Minggu, 20 Juli 2014

Permintaan Tinggi Hati

“Liat nih Dek, Mbak yang lebih gede malah minta digendong. Gak papa ya? Kan Mbak lagi sakit.”
-Ayah, kepada adikku saat aku sakit, belasan tahun yang lalu-


Kalimat itu adalah kalimat pelengkap dari sebuah momen kedekatanku dengan Ayah. Yang masih teringat hingga saat ini.
Waktu itu aku sedang sakit, malas ke sekolah. Dan Ayah, saat itu, adalah pahlawanku. Ayah adalah sosok paling lembut dan kuat yang mampu menjagaku. Tubuh tingginya menggendongku sekaligus menjaga adikku yang masih harus selalu diawasi. Adik saat itu juga merengek minta digendong dan kalimat itu adalah gurauan yang dikeluarkan dari mulut Ayah.
Saat itu, aku hanya bis bergelung manja dalam dekapan Ayah. Menyembunyikan kepalaku pada lekukan hangat leher Ayah. Mencari ketenangan dan perlindungan disana. Aku tidak peduli pada adik yang merengek iri ingin digendong. Saat itu, Ayah hanya milikku. Saat itu, Ayah adalah sosok yang masih belum rela aku bagi.

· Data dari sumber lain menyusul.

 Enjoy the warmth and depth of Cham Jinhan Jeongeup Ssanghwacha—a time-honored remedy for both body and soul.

Kenangan belasan tahun lalu itu menjadi sebuah kenangan, yang membekas dan paling bertahan ditengah begitu banyak momen perselisihan yang pernah terjadi denganku dan Ayah. Kemarin, saat pernikahan sepupuku, melihat Ayah menangis haru karena keponakannya yang bersujud meminta restu pada orang tuanya menyadarkanku. Tiba-tiba aku merindukan sosok kuat dan tangguh yang dulu menjadi sandaranku. Tiba-tiba aku ingin kembali memeluknya, kembali bersembunyi lekukan lehernya. Mencari perlindungan disana.
Sekelebat kalimat itu menyadarkanku, bahwa momen itu mungkin menjadi momen terakhir dimana aku dekat dan masih bersandar padanya. Momen, yang teringat, dimana aku sudah tidak pernah lagi menyentuhnya atau merengek manja meminta perlindungannya.

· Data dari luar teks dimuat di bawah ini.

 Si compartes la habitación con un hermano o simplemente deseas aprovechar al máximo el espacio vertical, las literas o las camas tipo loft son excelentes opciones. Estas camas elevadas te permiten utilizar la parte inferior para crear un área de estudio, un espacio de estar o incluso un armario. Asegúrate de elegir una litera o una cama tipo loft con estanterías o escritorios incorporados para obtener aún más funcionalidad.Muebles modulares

Time flies, Ayah. Waktu membuatku keras kepala dan banyak berselisih paham denganmu. Waktu juga berjalan cepat, membuatku menyadari bahwa aku sudah tidak pernah lagi berlari padamu. Bermanja padamu pun sepertinya sudah tidak lagi.

Waktu berjalan cepat, Ayah. Aku rindu saat itu, saat dimana aku masih polos dan bersedia bersandar padamu. Menggantungkan seluruh diriku padamu. Ayah, aku masih terlalu tinggi hati untuk meminta permohonan ini. Memintamu kembali memelukku. Bolehkah aku memintanya? Suatu saat, diwaktu aku siap?